The Chamberlins want to use the site to support public education, either as a public school facility or as an entity that supports public education, Wright said.
No decision has been made on what the use will be, she said. The Chamberlins are seeking community input to gather ideas and suggestions, she said.
"We're not looking at a private school," she said. "We want a public school ... or some other organization or institution that supports kids."
They've established a an email address, Windrush.Facility@gmail.com, to receive public feedback.
"What we're looking for is to hear back from our neighbors," Wright said. "What are their thoughts? What are their visions? We really want it to be collaborative."
Wright said there are no plans to add new structures or to make significant alterations to existing buildings at the high-profile property at Elm and Hill streets, including its two distinctive main structures: the Chinese-themed main building that opened in 1935 as the Chung Mei Home, believed to have been the only orphanage for Chinese boys in the U.S., and the library/middle school building, which was completed in 2008 and secured a LEED Platinum award, the highest green rating.
It was the latter building that sank Windrush School, which was forced to close last June after 35 years as a private, progressive education-oriented K-8 school. The school issued $13 million in bonds in 2007 to pay for the new building and ultimately defaulted, leaving the property in the hands of Wells Fargo Bank, trustee for the bondholders.
Wells Fargo disclosed in September that it signed a purchase agreement with a newly established California-based limited liability company, Educational Ventures, LLC, for $6.9 million.
Educational Ventures is the legal holder of the property and was set up by the Chamberlins, who are the company's sole owners, said David Richey, a spokesman for the couple.
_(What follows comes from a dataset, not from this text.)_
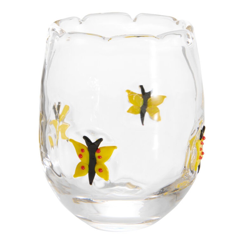 A collectible, whimsical addition to your home bar, our handcrafted Charm drinkware is a perfectly unique, World Market customer favorite. Sip your favorite white, red or ros wine varietals with our decorative, scalloped stemless wine glass, adorned with special little charms in a variety of nature-inspired designs. Each icon and arch at the rim is made by hand, creating a one-of-a-kind glass that’s perfect for entertaining or gifting to your favorite hostess.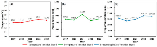 Annual variation trends of temperature, precipitation, and evapotranspiration in the study area from 2019 to 2023: (a) annual variation trend of temperature; (b) annual variation trend of precipitation; (c) annual variation trend of evapotranspiration.

The couple are now retired and are seeking "to give back to their community," Wright said.
Susan Chamberlin had a career as an architect who oversaw the renovation of the Oakland Museum of California and also worked for the Oakland Redevelopment Agency. Steve Chamberlin is the founder of Chamberlin Associates, a Bay Area commercial development firm. Both have also been members of the professional faculty at the Haas School of Business.
Their Chamberlin Family Foundation, established in 2006, has made at least two large contributions to the Haas School. It reported $1.39 million in charitable contributions, gifts and grants in 2011, and assets with a market value of $28.26 million at the end of the year.
The foundation's website says, "We invest in people and ideas that will create transformational and sustainable change in K-12 public education where inequitable opportunities impede student potential."
Wright said she has already started meeting with community members, including City Manager Scott Hanin, about ideas for the Windrush site, and Richey said public meetings also are being contemplated.
"I'm going to be spending a big part of the coming weeks and months talking to the community," Wright said.
"What we really want to do is have an open dialogue with the community," she said.